-- Opening Marker --

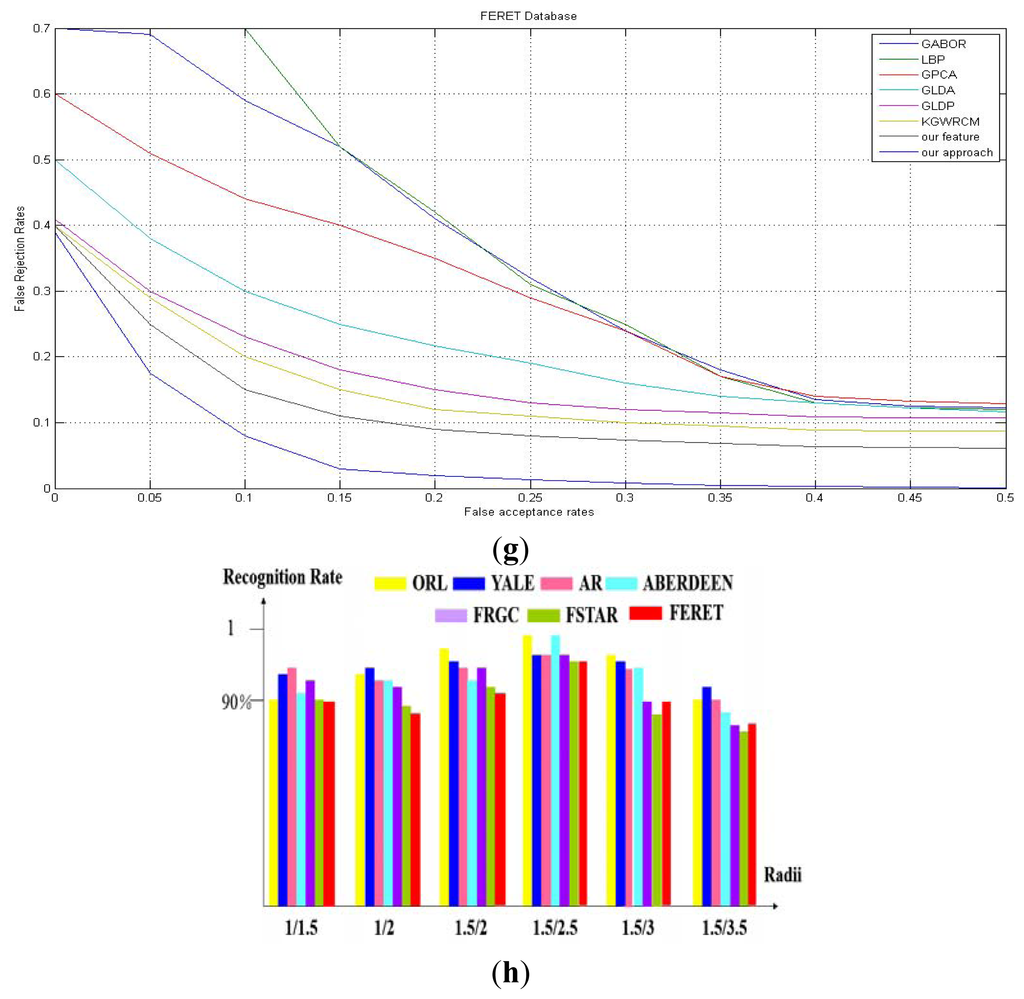 Besides, when testing with our methods, we sought to find how the local region size would impact the recognition rate, thus we conducted a new group of experiments by changing the radii of C1 and C2 each time and recording the result data. The result of this experiment is shown in Figure 8(h). We can see that the radius should be neither too big nor too small. It's the best choice when the two circles are just the adjacent layers around the center point. If the radii are both too small, the two circles are too near and the information is not representative, especially after subtraction. In contrast, if the local region is too sparse, the information of those pixels would have no rules or connections.
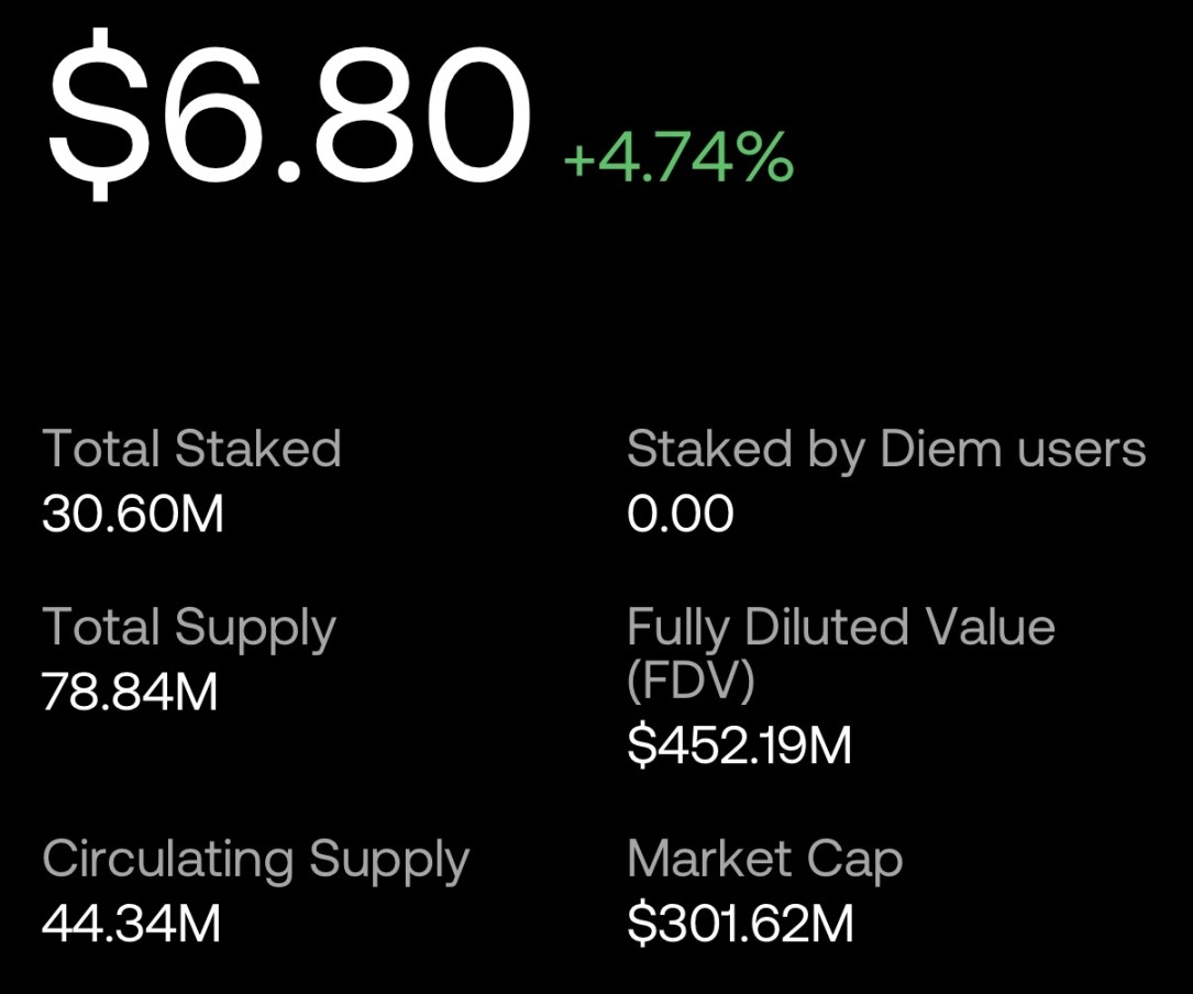 与按次付费的传统 API 不同,Venice 引入「Diem」作为统一计算单位,1 Diem 相当于价值 1 美元的 AI 推理资源。用户或 AI 代理通过质押 VVV,可获得相应比例的 API 调用额度,且无需为每次请求付费。若质押 1% 的流通代币,即可永久占用 Venice API 总容量的 1%。
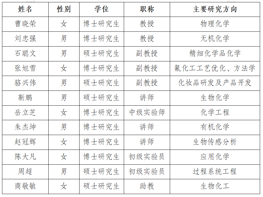 化工教研室由一批学历层次高、教学水平高、科研能力强的中青年教师队伍组成。现有专任教师12人,其中博士9人,硕士3人。目前有正高级职称2人,副高级职称3人,中级职称4人,初级职称3人。
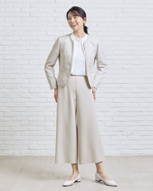 パンツ合わせでもワンピース合わせでも、きちんと見えます。
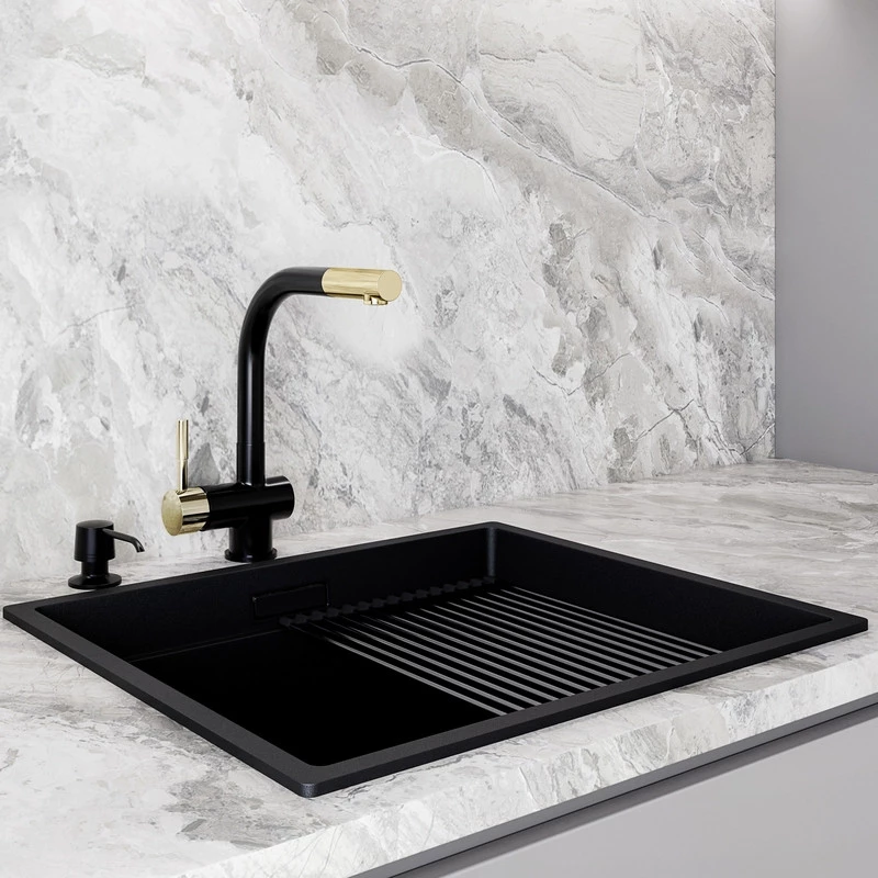 Küchenarmatur GLOBALO Lobio Black/Light Gold Ring mit Intio Black Spender
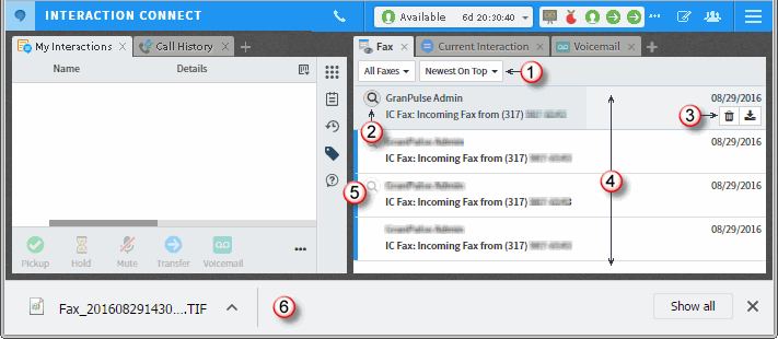 The Fax view contains the Faxes list. This list contains the faxes you have not yet deleted, including both previously viewed and unviewed faxes. |
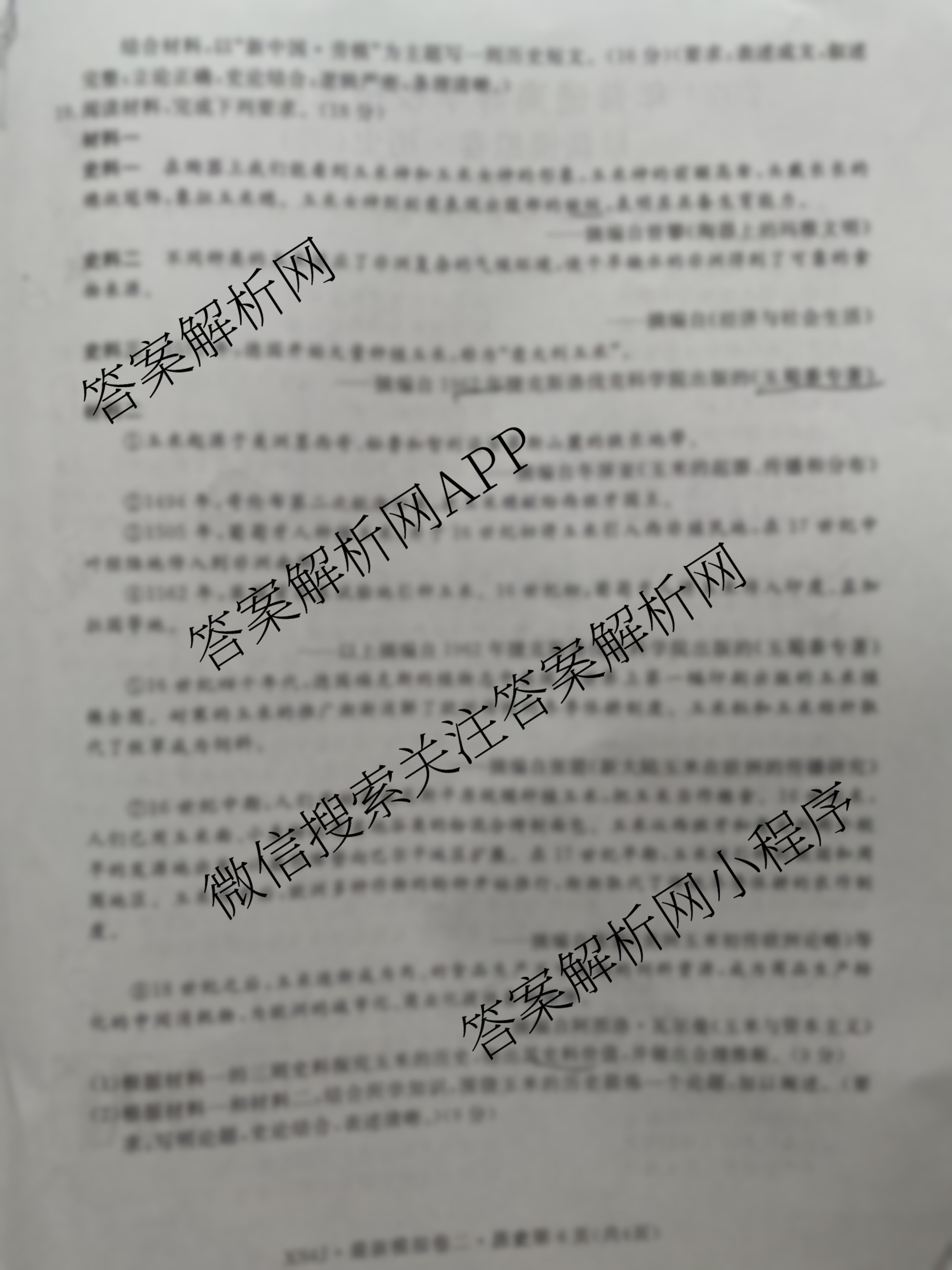 - 2024年普通高等学校招生统一考试最新模拟卷·历史(AH4)(二)2答案
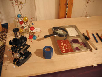 ここは博士の机。この顕微鏡では、謎の植物の花粉と花びらの組織が見られます。ぜひのぞいてみてください!びっくりしますよ〜(^^)
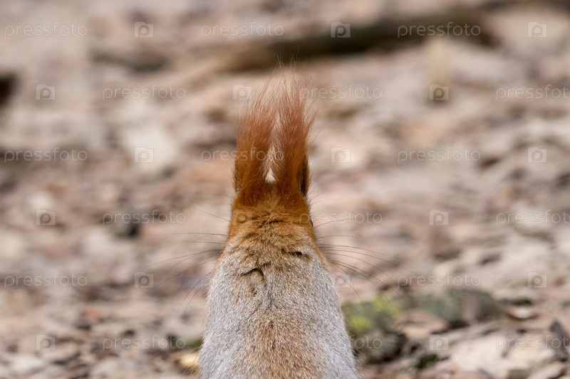 Белка на сухой листве. Вид сзади
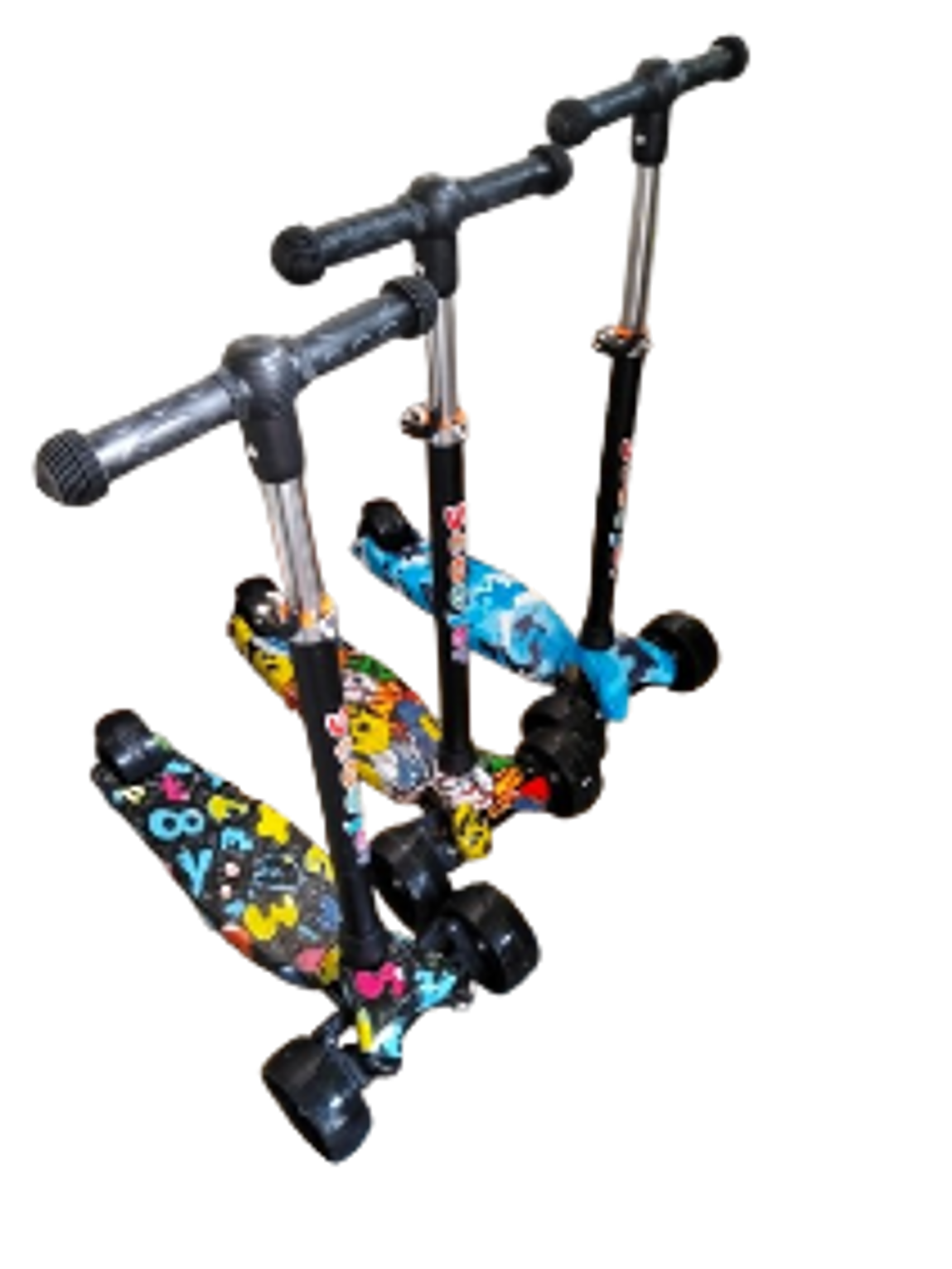 Design: The scooters feature a colorful, graffiti-style deck and are designed with three wheels for stability. Handlebar: The handlebar is typically adjustable in height, allowing the scooter to grow with the child. It often has a sawtooth thickening design for a non-slip, comfortable, and shock-absorbing grip.
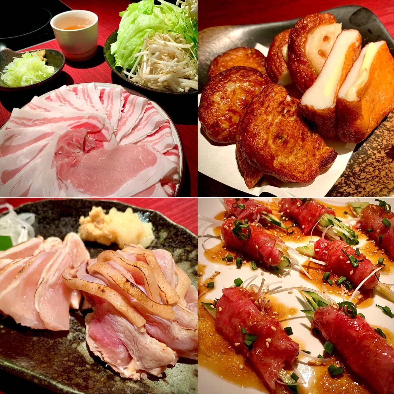 オーナー山﨑の出身である鹿児島のさつま郷土料理と名産の鹿児島黒豚を使用したしゃぶしゃぶ、肉料理店出身の料理長による鹿児島黒毛和牛によるアラカルト肉料理、さつま地鶏のお刺身の他にも、全国各地の食材を取り寄せ"旬"に合わせた様々な料理をお客様のニーズに沿ってご提供させて頂きます。
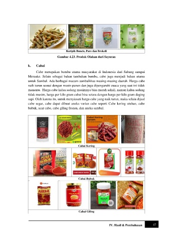 bubuk, acar cabe, cabe giling frozen, dan aneka sambal.
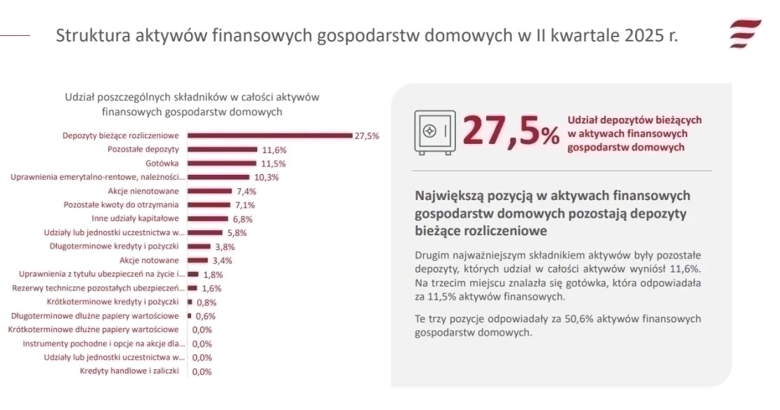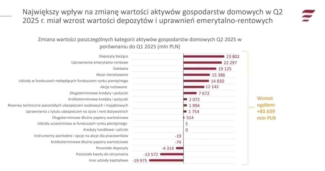 • Największy wzrost wartości aktywów odnotowano w depozytach bieżących (+23,8 mld PLN), uprawnieniach emerytalno-rentowych (+22,3 mld PLN) oraz gotówce (+19,1 mld PLN).
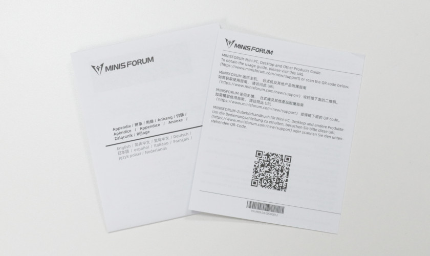 マニュアルはサポートの案内、注意事項などが書かれた付録の2種類。
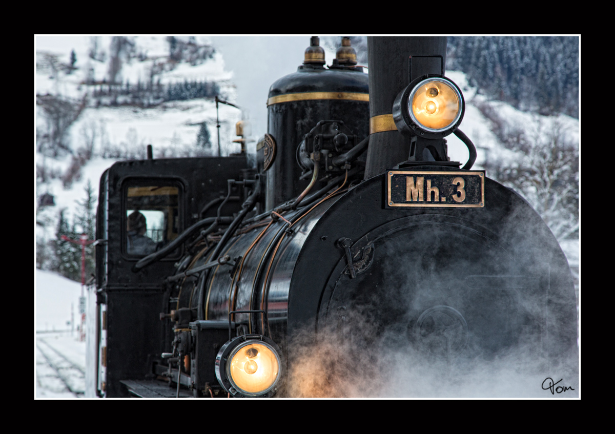 Winterwonderland II - Auf der Pinzgaubahn fährt die Dampflok MH3, mit einem Dampfsonderzug von Zell am See nach Krimml.
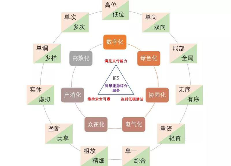 從多目標(biāo)優(yōu)化的角度來講,能源系統(tǒng)的基本目標(biāo)就是不斷逼近“滿足支付能力”、“維持安全可靠”、“達(dá)到低碳清潔”的能源不可能三角的目標(biāo)。“互聯(lián)網(wǎng)+智慧能源”(能源互聯(lián)網(wǎng))的發(fā)展,深化了本階段我國能源供應(yīng)與消費(fèi)的“能源三角目標(biāo)”,是助推能源“四個革命、一個合作”的重要理念和技術(shù)。如今,我國的能源轉(zhuǎn)型已呈現(xiàn)出電氣化、綠色化、共享化、高效化、產(chǎn)消化、數(shù)字化以及商品化的明顯特征,以滿足人類活動對能源的“社會性需求”和“心理性需求”。
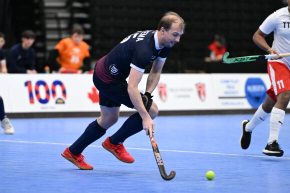 Jeroen Dijkema in actie voor de Verenigde Staten tijdens de Pan Am Cup in de zaal. Foto: USA Field Hockey/PAHF
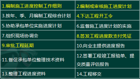 (1) 进度安排是否符合工程项目建设总进度计划中总目标和分目标的要求,是否符合施工合同中开工、竣工日期的规定。
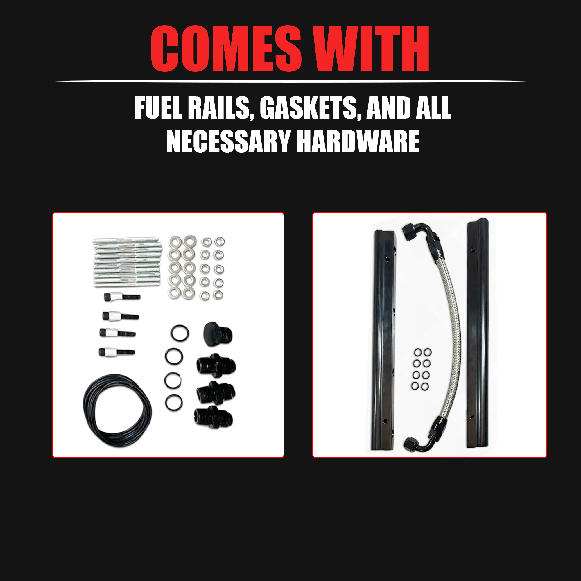 • Easy Installation: The comprehensive kit includes everything needed for a straightforward setup, from fuel rails to gaskets and mounting hardware.

-- Closing Marker --

> ABOUT THIS TASK: Leaving out each picture, repeat exactly the lines above from the one that contains "Küchenarmatur GLOBALO Lobio" through the one that contains "Design: The scooters".

> ANSWER BELOW:
 Küchenarmatur GLOBALO Lobio Black/Light Gold Ring mit Intio Black Spender
 The Fax view contains the Faxes list. This list contains the faxes you have not yet deleted, including both previously viewed and unviewed faxes. |
 - 2024年普通高等学校招生统一考试最新模拟卷·历史(AH4)(二)2答案
 ここは博士の机。この顕微鏡では、謎の植物の花粉と花びらの組織が見られます。ぜひのぞいてみてください!びっくりしますよ〜(^^)
 Белка на сухой листве. Вид сзади
 Design: The scooters feature a colorful, graffiti-style deck and are designed with three wheels for stability. Handlebar: The handlebar is typically adjustable in height, allowing the scooter to grow with the child. It often has a sawtooth thickening design for a non-slip, comfortable, and shock-absorbing grip.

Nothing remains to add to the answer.